Resnet50 train on Intel GPU
Introduction
Intel® Extension for TensorFlow* is compatible with stock Tensorflow*. This example shows resnet50 training.
Hardware Requirements
Verified Hardware Platforms:
Intel® Data Center GPU Max Series
Prerequisites
Model Code change
We optimized bf16 in resnet50.patch, and enable horovod and LARS in hvd_support.patch, please apply patch
git clone -b v2.14.0 https://github.com/tensorflow/models.git tensorflow-models
Prepare for GPU (Skip this step for CPU)
Refer to Prepare
Setup Running Environment
Setup for GPU
./pip_set_env.sh
Enable Running Environment
Enable oneAPI running environment (only for GPU) and virtual running environment.
For GPU, refer to Running
Apply Patch
If not use Horovod
git apply path/to/configure/resnet50.patch
If use Horovod
git apply path/to/hvd_configure/hvd_support.patch
Prepare ImageNet dataset
Using TFDS classifier_trainer.py supports ImageNet with TensorFlow Datasets(TFDS) .
Please see the following example snippet for more information on how to use TFDS to download and prepare datasets, and specifically the TFDS ImageNet readme for manual download instructions.
Legacy TFRecords Download the ImageNet dataset and convert it to TFRecord format.

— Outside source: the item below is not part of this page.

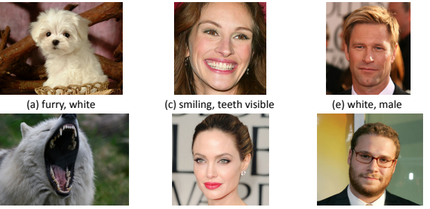
(b) sharp teeth, scary (d) wearing lipstick, heavy makeup (f) bearded, wearing glasses

Figure 1: Different attributes pop out at us in different images. Although (a) and (b) are both white and furry, these attributes dominate (a) but not (b). Smiling and wearing lipstick stand out in (b) and (c) because of their strong presence. Glasses and beards are relatively unusual and stand out in (f). Some attributes like race and gender are inherently more salient (e).

The following script and README provide a few options.
Note that the legacy ResNet runners, e.g. resnet/resnet_ctl_imagenet_main.py require TFRecords whereas classifier_trainer.py
can use both by setting the builder to ‘records’ or ‘tfds’ in the configurations.
Execution
Set Model Parameters
There are several config yaml files in configure and hvd_configure folder. Set one of them as CONFIG_FILE, then model would correspondly run with real data
or dummy data
. Single-tile please use yaml file in configure folder. Distribute training please use yaml file in hvd_configure folder, itex_bf16_lars.yaml
/itex_fp32_lars.yaml
for HVD real data and itex_dummy_bf16_lars.yaml
/itex_dummy_fp32_lars.yaml
for HVD dummy data.
Export those parameters to script or environment.
export PYTHONPATH=/the/path/to/tensorflow-models
MODEL_DIR=/the/path/to/output
DATA_DIR=/the/path/to/imagenet
CONFIG_FILE=path/to/itex_xx.yaml # itex_bf16.yaml/itex_fp32.yaml for accuracy, itex_dummy_bf16.yaml/itex_dummy_fp32.yaml for benchmark
Command
if [ ! -d "$MODEL_DIR" ]; then
mkdir -p $MODEL_DIR
else
rm -rf $MODEL_DIR && mkdir -p $MODEL_DIR
fi
python ${PYTHONPATH}/official/legacy/image_classification/classifier_trainer.py \
--mode=train_and_eval \
--model_type=resnet \
--dataset=imagenet \
--model_dir=$MODEL_DIR \
--data_dir=$DATA_DIR \
--config_file=$CONFIG_FILE
Command with Horovod
Set NUMBER_OF_PROCESS
and PROCESS_PER_NODE
according to hvd rank number you need. Default value is 2 rank task.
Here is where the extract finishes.